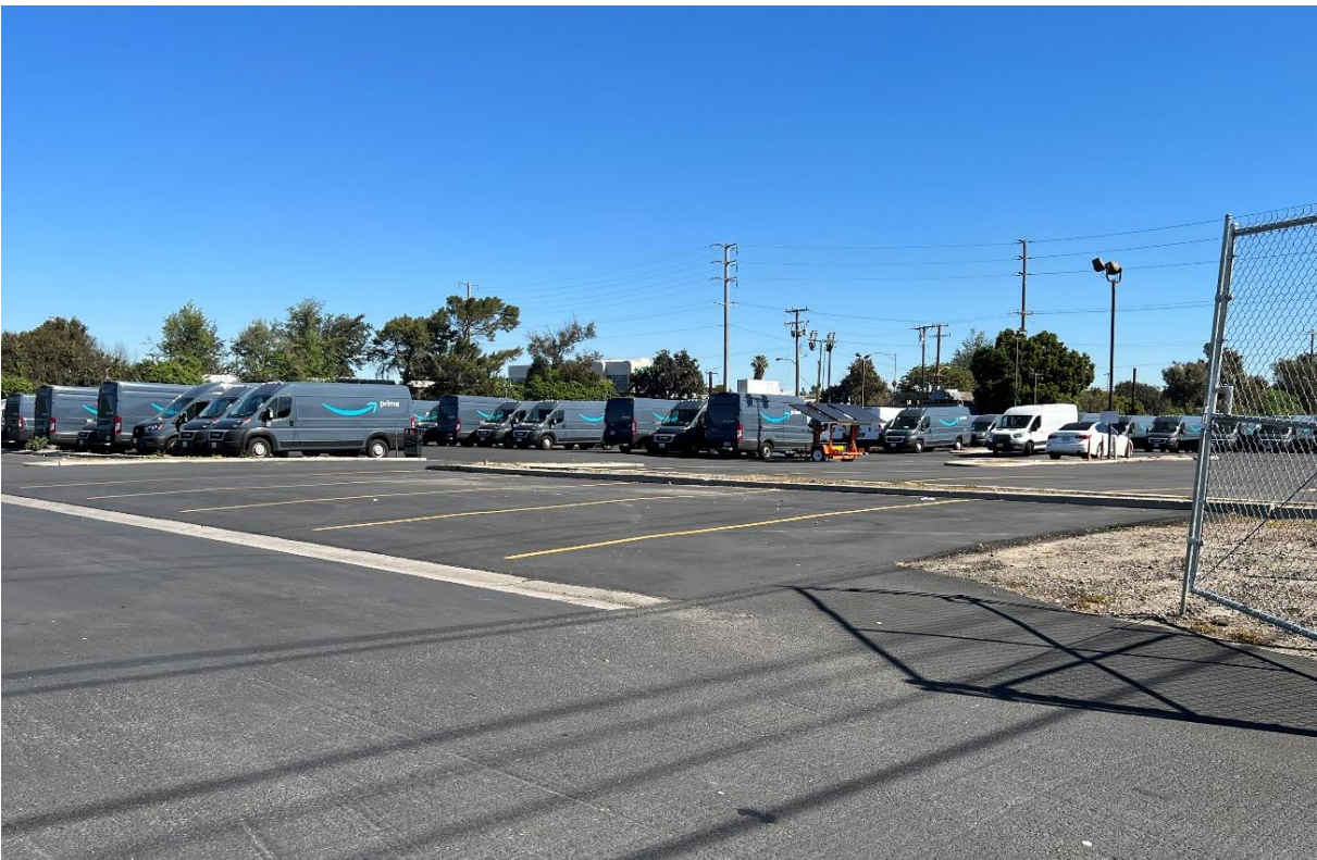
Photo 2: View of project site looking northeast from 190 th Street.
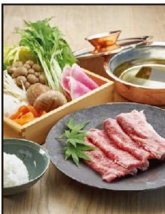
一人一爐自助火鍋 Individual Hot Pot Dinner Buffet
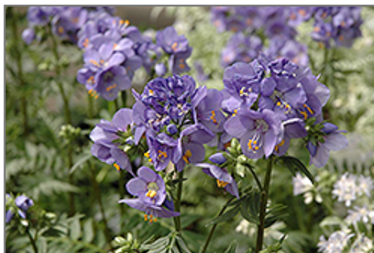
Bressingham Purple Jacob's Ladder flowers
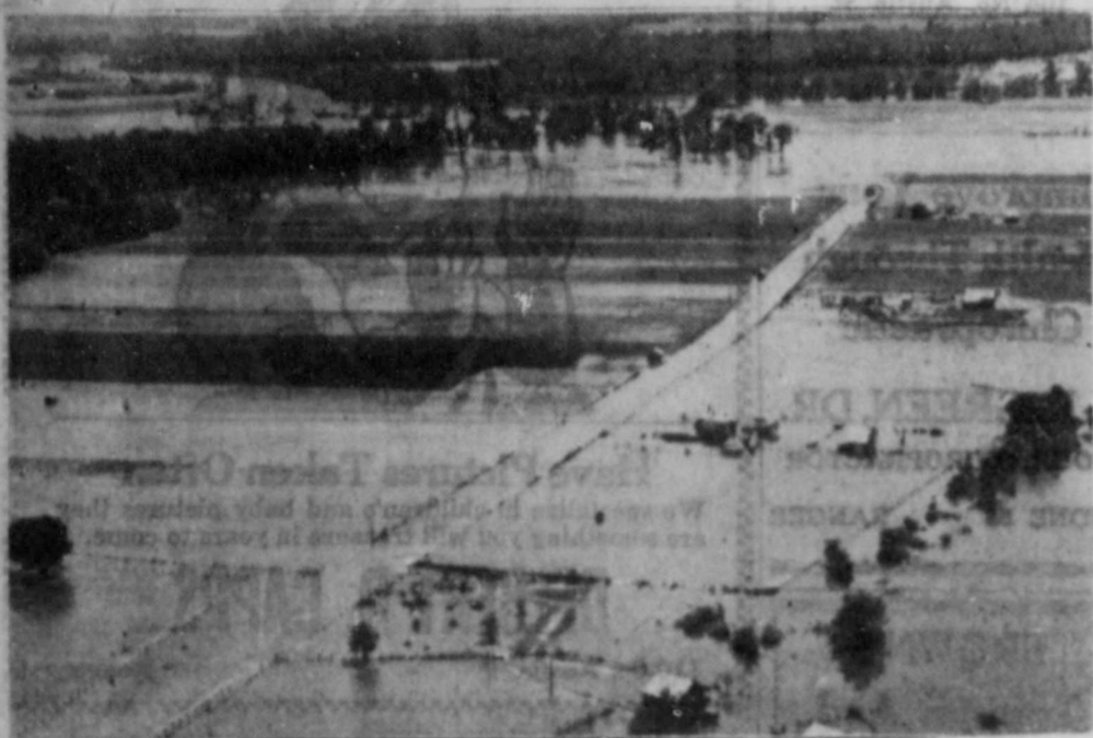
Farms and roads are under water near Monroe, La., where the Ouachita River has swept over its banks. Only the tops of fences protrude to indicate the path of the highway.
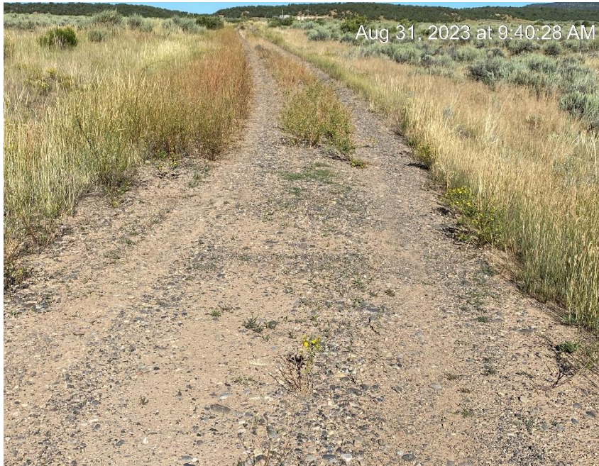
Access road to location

■ ■ ■ ■ ■ ■ ■

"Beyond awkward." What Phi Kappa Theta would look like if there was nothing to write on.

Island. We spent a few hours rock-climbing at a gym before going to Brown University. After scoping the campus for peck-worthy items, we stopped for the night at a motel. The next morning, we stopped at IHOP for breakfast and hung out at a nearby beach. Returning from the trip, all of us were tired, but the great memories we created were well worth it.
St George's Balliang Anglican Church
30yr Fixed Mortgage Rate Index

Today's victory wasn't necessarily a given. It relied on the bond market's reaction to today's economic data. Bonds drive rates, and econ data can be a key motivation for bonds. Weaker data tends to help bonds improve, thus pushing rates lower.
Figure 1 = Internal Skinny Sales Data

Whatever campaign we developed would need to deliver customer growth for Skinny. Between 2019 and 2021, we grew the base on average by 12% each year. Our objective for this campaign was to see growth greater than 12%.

■ ■ ■ ■ ■ ■ ■

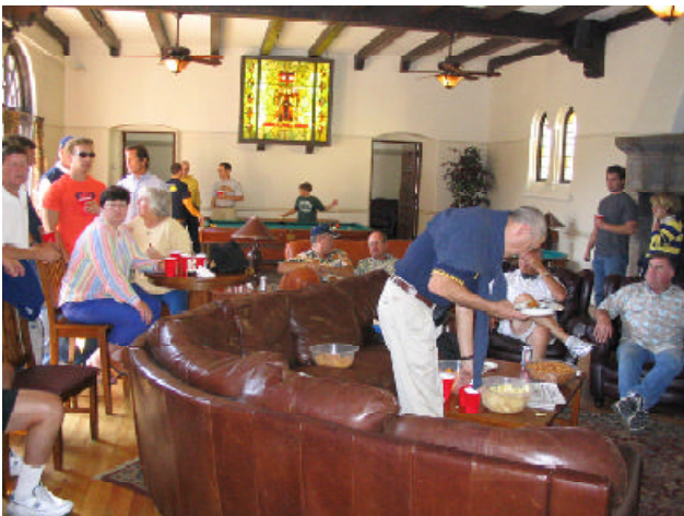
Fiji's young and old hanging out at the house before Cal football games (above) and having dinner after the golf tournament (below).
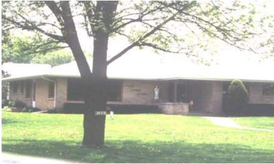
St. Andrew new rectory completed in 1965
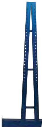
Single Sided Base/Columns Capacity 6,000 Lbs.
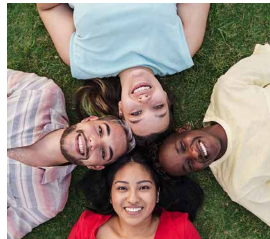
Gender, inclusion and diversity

■ ■ ■ ■ ■ ■ ■

| TASK BRIEF |
Which lines of the data contain the string "from"? Copy each one.

| SOLUTION BELOW |
Photo 2: View of project site looking northeast from 190 th Street.
Island. We spent a few hours rock-climbing at a gym before going to Brown University. After scoping the campus for peck-worthy items, we stopped for the night at a motel. The next morning, we stopped at IHOP for breakfast and hung out at a nearby beach. Returning from the trip, all of us were tired, but the great memories we created were well worth it.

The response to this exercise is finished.